• INPUT RECORDS:

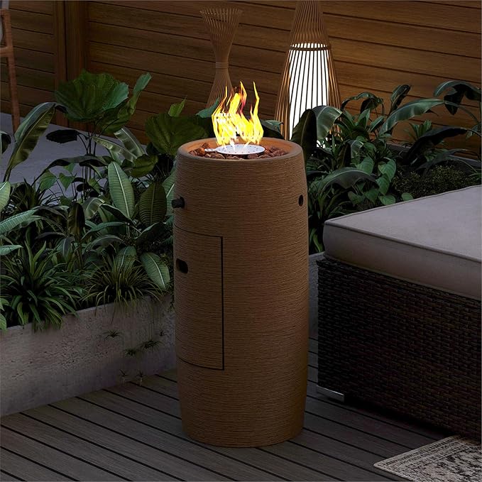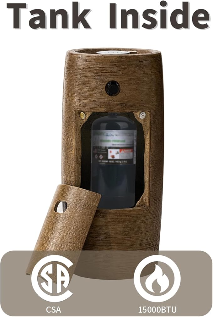 - [ Unique Craftsmanship & Design ] - The propane column is made of sturdy concrete, spraying magnesium oxide on surface to protect from cracking. The internal burner is made of stainless steel for a longer working and evenly heated.
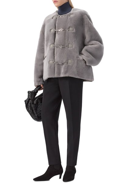 Укороченная дубленка сшита из мягкой пластичной овчины с густым шелковистым ворсом. Модель с широким отложным воротником и рукавами реглан дополнена крупными накладными карманами с клапанами и боковыми входами для рук.
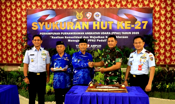 TOBAGOES.COM/Makassar – Komandan Lanud Sultan Hasanuddin Marsma TNI Arifaini Nur Dwiyanto, M.Han., didampingi Ketua Pia Ardhya Garini Cabang 7 D/II Lanud Sultan Hasanuddin, Ny Betty Arifaini Nur Dwiyanto, menghadiri acara syukuran Hari Ulang Tahun (HUT) Perhimpunan Purnawirawan Angkatan Udara (PPAU), di Gedung Serba Guna Suryadi Suryadarma, Markas Komando Daerah Angkatan Udara (Kodau) II, Makassar, Rabu (27/8/2025).
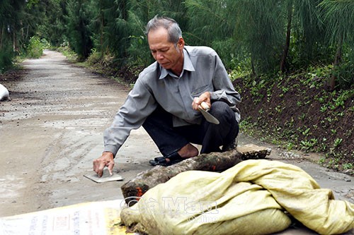 | Cựu chiến binh Phạm Hoàng Đức, Phó trưởng ấp Mỹ Hưng tiên phong giặm vá đoạn lộ sụp lún trước nhà, đảm bảo an toàn giao thông. |
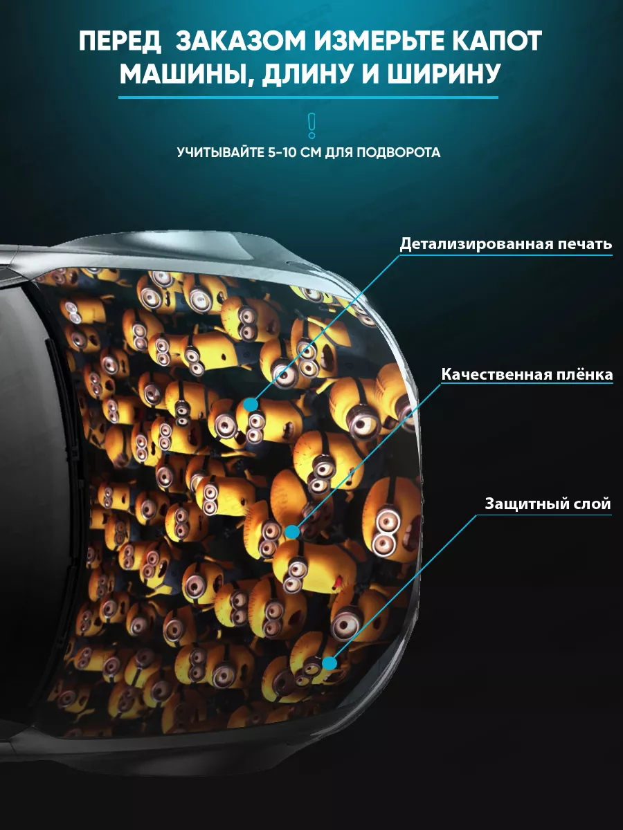 Большая декоративная наклейка на капот автомобиля размером 155x119 см позволяет придать машине выразительный стиль и индивидуальность. Выполнена на основе самоклеящейся виниловой пленки ПВХ, которая обеспечивает надежное приклеивание к поверхности и защиту от влаги, пыли и внешних воздействий. Ламинационный верхний слой предотвращает выцветание под солнечными лучами, что сохраняет яркость картинки на долгое время. При желании можно подрезать лист под нужный размер, что позволяет адаптировать наклейку под конкретный капот.
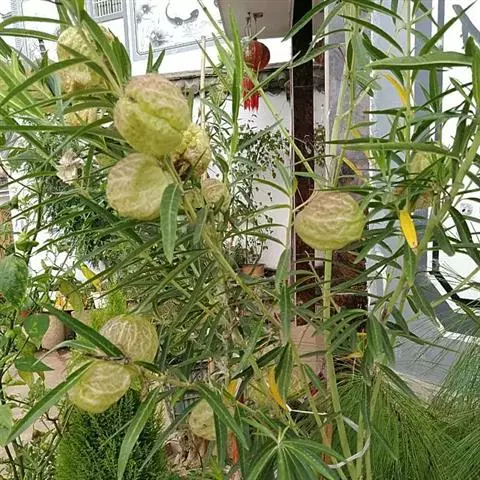 唐棉,株形直立,全株具白色乳汁;叶:线形似柳叶,色浓绿,背面淡绿色,对生;花:繖形花序,腋生,乳白…
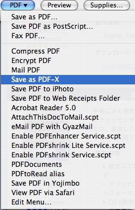 しかし、OSX10.4(Tiger)になってから標題のPDF/X規格が導入されておりPrint DialogのPDF Popupから[Save As PDF/X]を実行する事により、Macで見る通りの内容で相手に渡せることができるようになりました。

• REQUIRED WORK:
Your answer should contain only the lines from the beginning of the listing above through the line with "TOBAGOES.COM/Makassar – Komandan", copied exactly and without the pictures.

• WRITTEN RESPONSE:
 - [ Unique Craftsmanship & Design ] - The propane column is made of sturdy concrete, spraying magnesium oxide on surface to protect from cracking. The internal burner is made of stainless steel for a longer working and evenly heated.
 Укороченная дубленка сшита из мягкой пластичной овчины с густым шелковистым ворсом. Модель с широким отложным воротником и рукавами реглан дополнена крупными накладными карманами с клапанами и боковыми входами для рук.
 TOBAGOES.COM/Makassar – Komandan Lanud Sultan Hasanuddin Marsma TNI Arifaini Nur Dwiyanto, M.Han., didampingi Ketua Pia Ardhya Garini Cabang 7 D/II Lanud Sultan Hasanuddin, Ny Betty Arifaini Nur Dwiyanto, menghadiri acara syukuran Hari Ulang Tahun (HUT) Perhimpunan Purnawirawan Angkatan Udara (PPAU), di Gedung Serba Guna Suryadi Suryadarma, Markas Komando Daerah Angkatan Udara (Kodau) II, Makassar, Rabu (27/8/2025).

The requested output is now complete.